··· Data provided
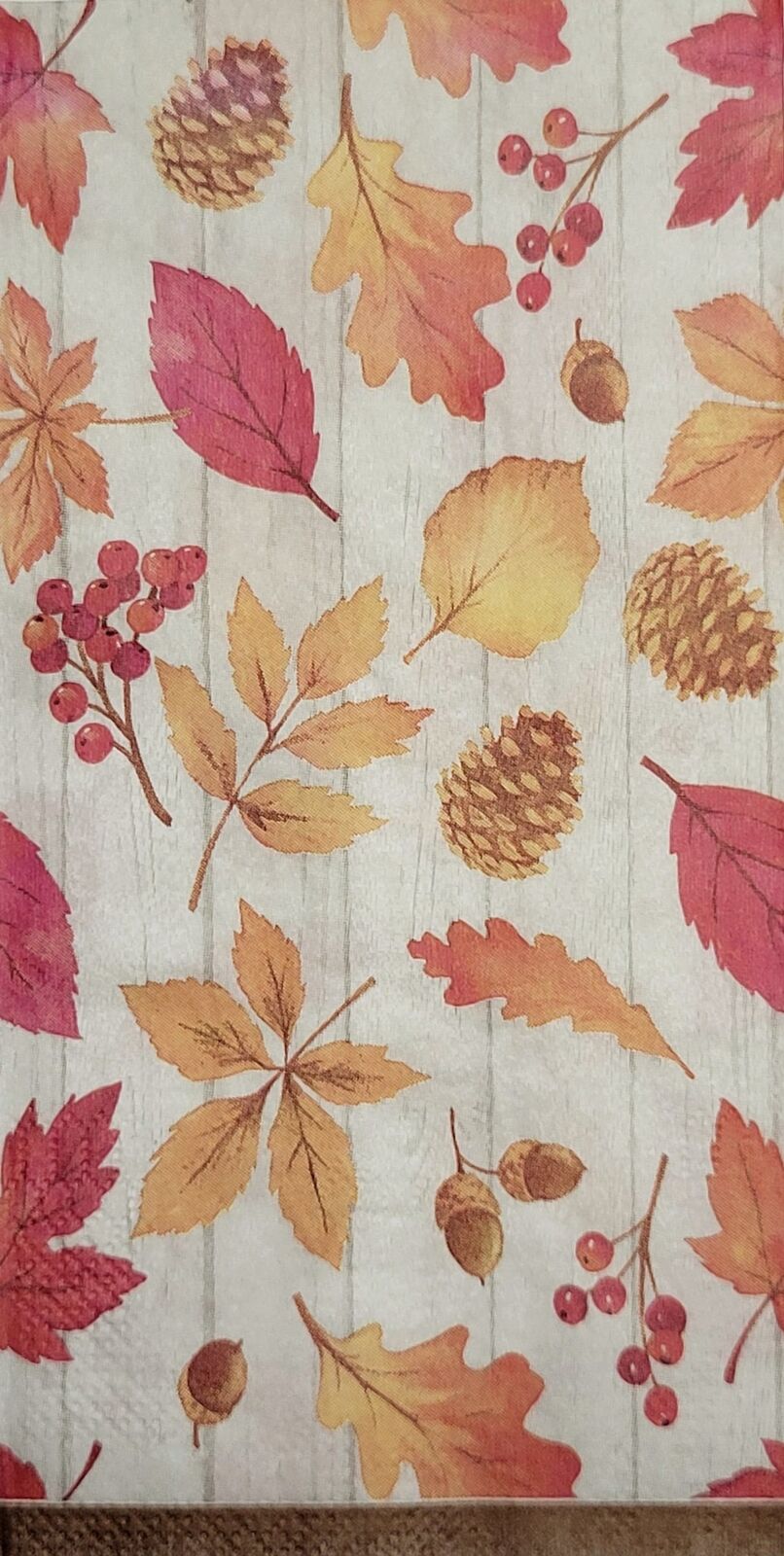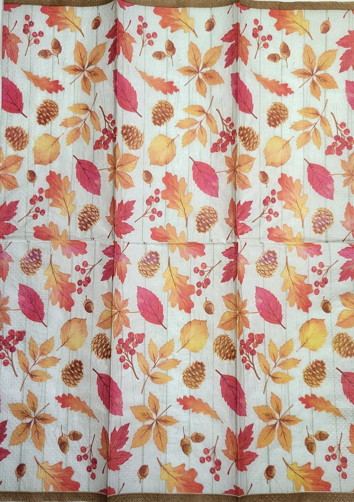 TWO Individual Paper Guest Decoupage Napkins - 2482 Leaves, Acorns, & Pinecones
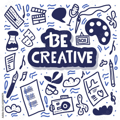 be, creative, art, trend, lettering, word, quote, element, signs, phrase, inscription, letter, motto, signs, message, handwritten, brush, ink, dry, text, doodle, style, vignetting, cartoon, childish, drawing, flier, card, banner, template, poster, booklet, invitation, greeting, advertising, badge, tags, label, emblem, advertisement, promotion, sticker, blue, white, background, camera
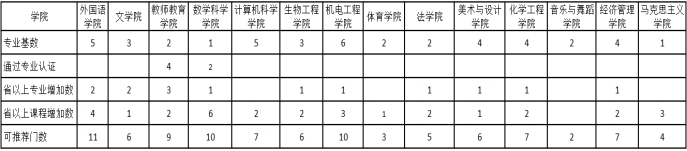 (一)根据各学院专业、课程建设情况限定推荐课程门数。按每个专业1门为基数(马克思主义学院可推荐基数为1门),通过专业认证专业增加2门推荐名额,国家级专业、课程增加2门推荐名额,省级专业、课程增加1门推荐名额,同一专业、课程取最高等级,不重复计算。请各教学单位根据要求认真规范做好组织推荐、评议评审等工作。
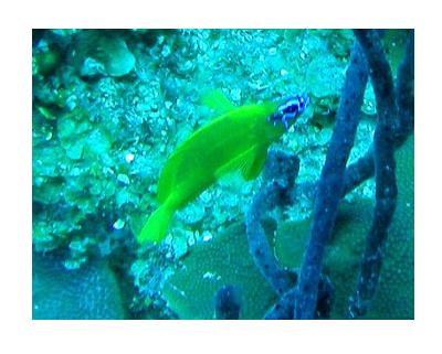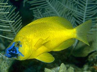 Um fiskinn: Harðgerður og fallegur heiðgulur fiskur með blátt andlit. Hentar ekki í reef búri þar eð hann getur étið skrautrækjur og smáfiska. Bestur stakur eða tveir í stóru búri (210 l) með mörgum felustöðum. Eldri fiskar eiga erfiðara með að aðlagast en yngri fiskar. Verða þá felugjarnir og neita að nærast. Ágætir byrjendafiskar sem þurfa að vera með rólegum fiskum. Þurfa hreint vatn og góðan straum.
······
■ Try it ■
Once you find the line with "(一)根据各学院专业、课程建", restate it and every later line of the data word for word, excluding the pictures.

■ Response to the task ■
 (一)根据各学院专业、课程建设情况限定推荐课程门数。按每个专业1门为基数(马克思主义学院可推荐基数为1门),通过专业认证专业增加2门推荐名额,国家级专业、课程增加2门推荐名额,省级专业、课程增加1门推荐名额,同一专业、课程取最高等级,不重复计算。请各教学单位根据要求认真规范做好组织推荐、评议评审等工作。
 Um fiskinn: Harðgerður og fallegur heiðgulur fiskur með blátt andlit. Hentar ekki í reef búri þar eð hann getur étið skrautrækjur og smáfiska. Bestur stakur eða tveir í stóru búri (210 l) með mörgum felustöðum. Eldri fiskar eiga erfiðara með að aðlagast en yngri fiskar. Verða þá felugjarnir og neita að nærast. Ágætir byrjendafiskar sem þurfa að vera með rólegum fiskum. Þurfa hreint vatn og góðan straum.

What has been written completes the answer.